----- PROVIDED ENTRIES
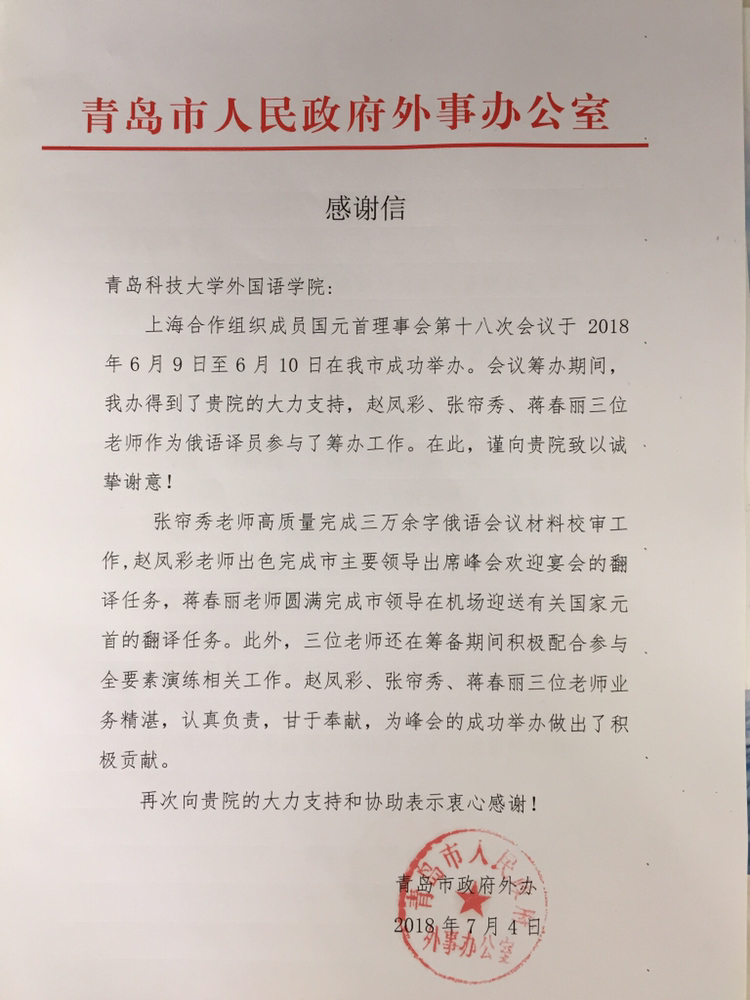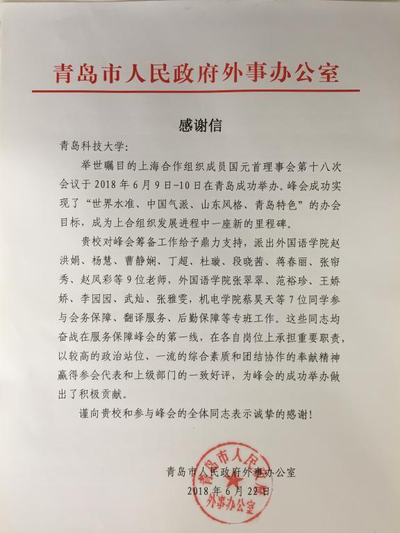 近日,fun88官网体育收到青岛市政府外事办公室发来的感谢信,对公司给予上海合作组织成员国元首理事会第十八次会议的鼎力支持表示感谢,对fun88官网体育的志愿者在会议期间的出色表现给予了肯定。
----------
----- PROVIDED ENTRIES
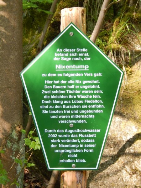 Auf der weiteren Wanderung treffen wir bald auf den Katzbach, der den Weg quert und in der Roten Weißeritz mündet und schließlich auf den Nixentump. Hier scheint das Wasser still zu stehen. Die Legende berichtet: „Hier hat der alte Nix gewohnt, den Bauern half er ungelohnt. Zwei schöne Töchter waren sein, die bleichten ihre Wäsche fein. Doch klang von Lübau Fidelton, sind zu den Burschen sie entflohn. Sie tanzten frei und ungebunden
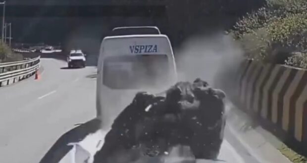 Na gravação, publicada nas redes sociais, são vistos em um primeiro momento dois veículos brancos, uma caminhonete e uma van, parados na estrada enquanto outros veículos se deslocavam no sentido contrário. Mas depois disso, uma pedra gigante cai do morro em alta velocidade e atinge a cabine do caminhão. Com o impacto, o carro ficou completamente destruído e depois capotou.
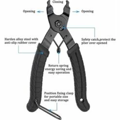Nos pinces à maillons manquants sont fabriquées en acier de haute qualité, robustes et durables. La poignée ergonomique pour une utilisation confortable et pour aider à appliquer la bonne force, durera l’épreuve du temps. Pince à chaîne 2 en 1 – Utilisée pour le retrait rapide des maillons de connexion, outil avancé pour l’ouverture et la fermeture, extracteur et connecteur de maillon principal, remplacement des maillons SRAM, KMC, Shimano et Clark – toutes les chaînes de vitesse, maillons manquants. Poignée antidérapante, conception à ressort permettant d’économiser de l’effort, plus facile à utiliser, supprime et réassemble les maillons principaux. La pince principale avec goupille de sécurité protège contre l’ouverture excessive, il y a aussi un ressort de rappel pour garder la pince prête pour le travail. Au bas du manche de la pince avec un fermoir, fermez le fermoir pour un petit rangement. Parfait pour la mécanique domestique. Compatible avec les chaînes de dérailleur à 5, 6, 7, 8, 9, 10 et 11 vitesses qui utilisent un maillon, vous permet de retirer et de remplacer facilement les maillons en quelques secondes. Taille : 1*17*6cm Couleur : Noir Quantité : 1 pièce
----------
▶ _EXERCISE OBJECTIVE_
When you reach the line that has "Auf der weiteren" in the data above, start repeating lines exactly, and stop after the line that has "Na gravação, publicada"; pictures stay out.

▶ _EXERCISE OUTPUT_
 Auf der weiteren Wanderung treffen wir bald auf den Katzbach, der den Weg quert und in der Roten Weißeritz mündet und schließlich auf den Nixentump. Hier scheint das Wasser still zu stehen. Die Legende berichtet: „Hier hat der alte Nix gewohnt, den Bauern half er ungelohnt. Zwei schöne Töchter waren sein, die bleichten ihre Wäsche fein. Doch klang von Lübau Fidelton, sind zu den Burschen sie entflohn. Sie tanzten frei und ungebunden
 Na gravação, publicada nas redes sociais, são vistos em um primeiro momento dois veículos brancos, uma caminhonete e uma van, parados na estrada enquanto outros veículos se deslocavam no sentido contrário. Mas depois disso, uma pedra gigante cai do morro em alta velocidade e atinge a cabine do caminhão. Com o impacto, o carro ficou completamente destruído e depois capotou.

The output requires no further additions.